Information supplied
== == ==

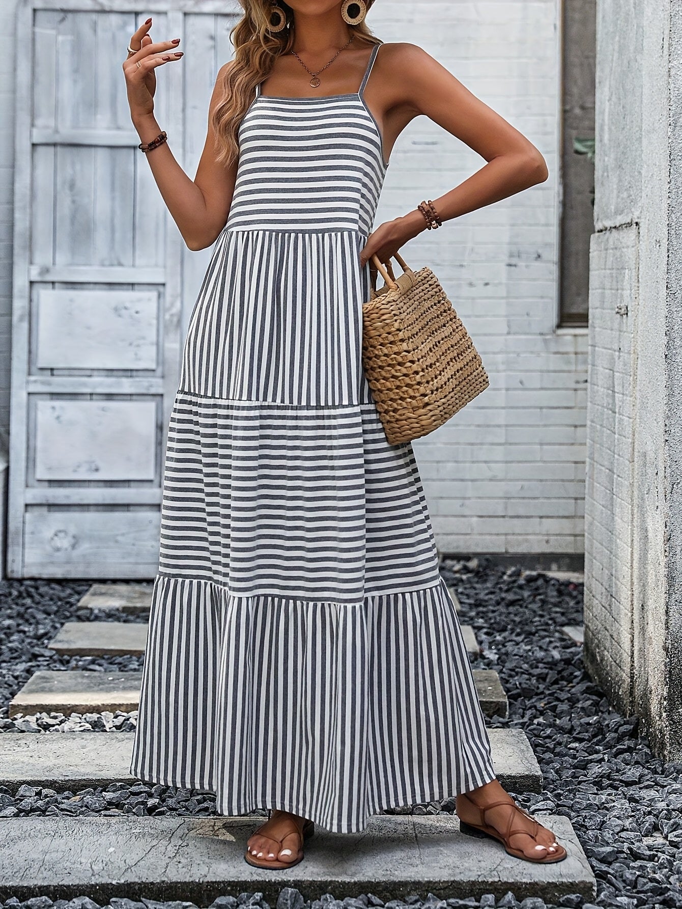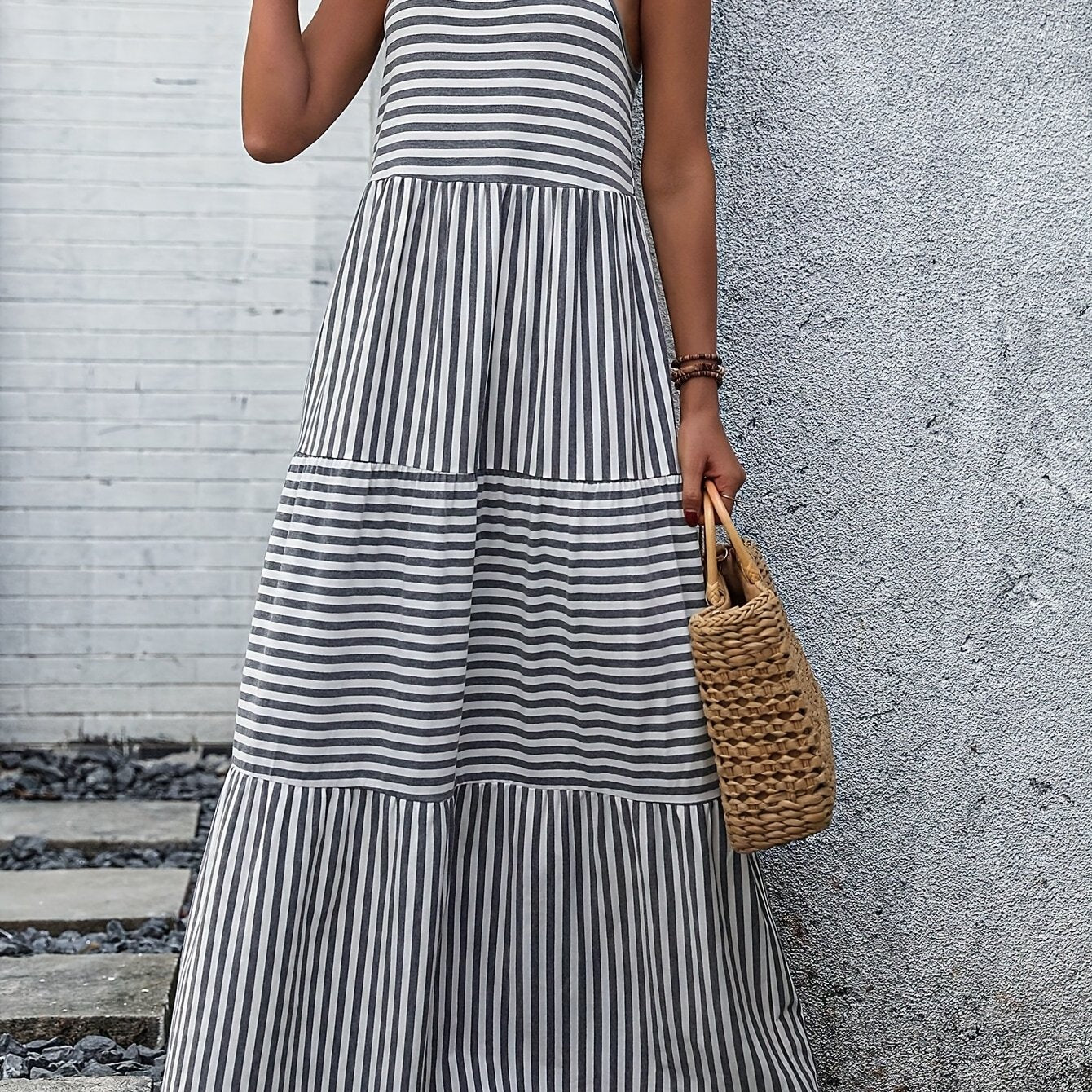 Questo elegante e comodo maxi abito a righe bianche e nere è la scelta perfetta per le giornate estive. Realizzato in poliestere leggero, è perfetto per le passeggiate in spiaggia e le uscite casual.
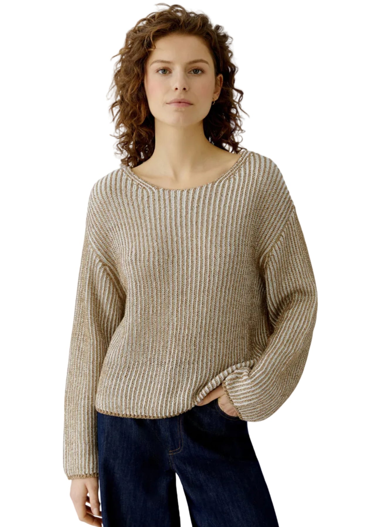 Highlight Pullover in vanisé technique creates a two-tone ribbed look with a subtle sheen for a distinctive appearance
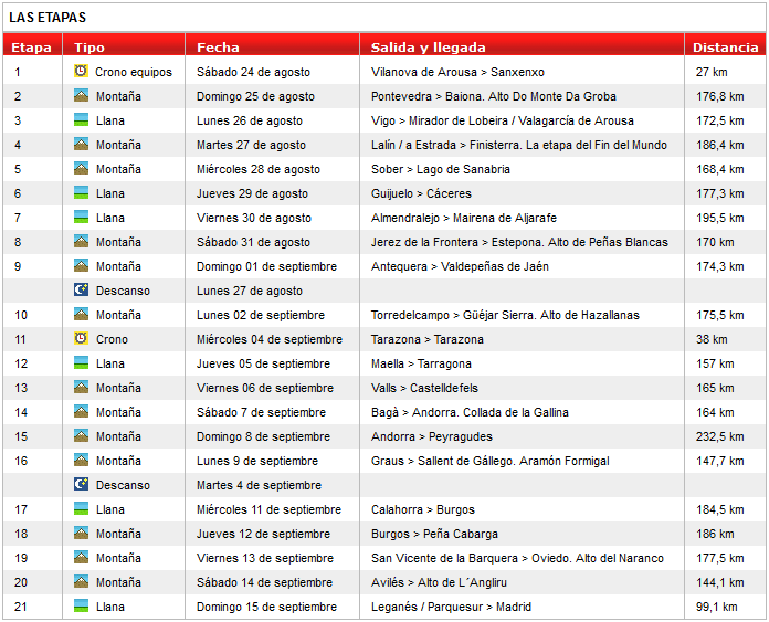 *Las fechas de los descansos están mal: el 1º será el martes 3, después de la etapa de Haza Llana, y el 2º el martes 10.

== == ==

Exercise directions
Give every line of the data above again as it stands; the pictures stay out.

Output for this exercise
 Questo elegante e comodo maxi abito a righe bianche e nere è la scelta perfetta per le giornate estive. Realizzato in poliestere leggero, è perfetto per le passeggiate in spiaggia e le uscite casual.
 Highlight Pullover in vanisé technique creates a two-tone ribbed look with a subtle sheen for a distinctive appearance
 *Las fechas de los descansos están mal: el 1º será el martes 3, después de la etapa de Haza Llana, y el 2º el martes 10.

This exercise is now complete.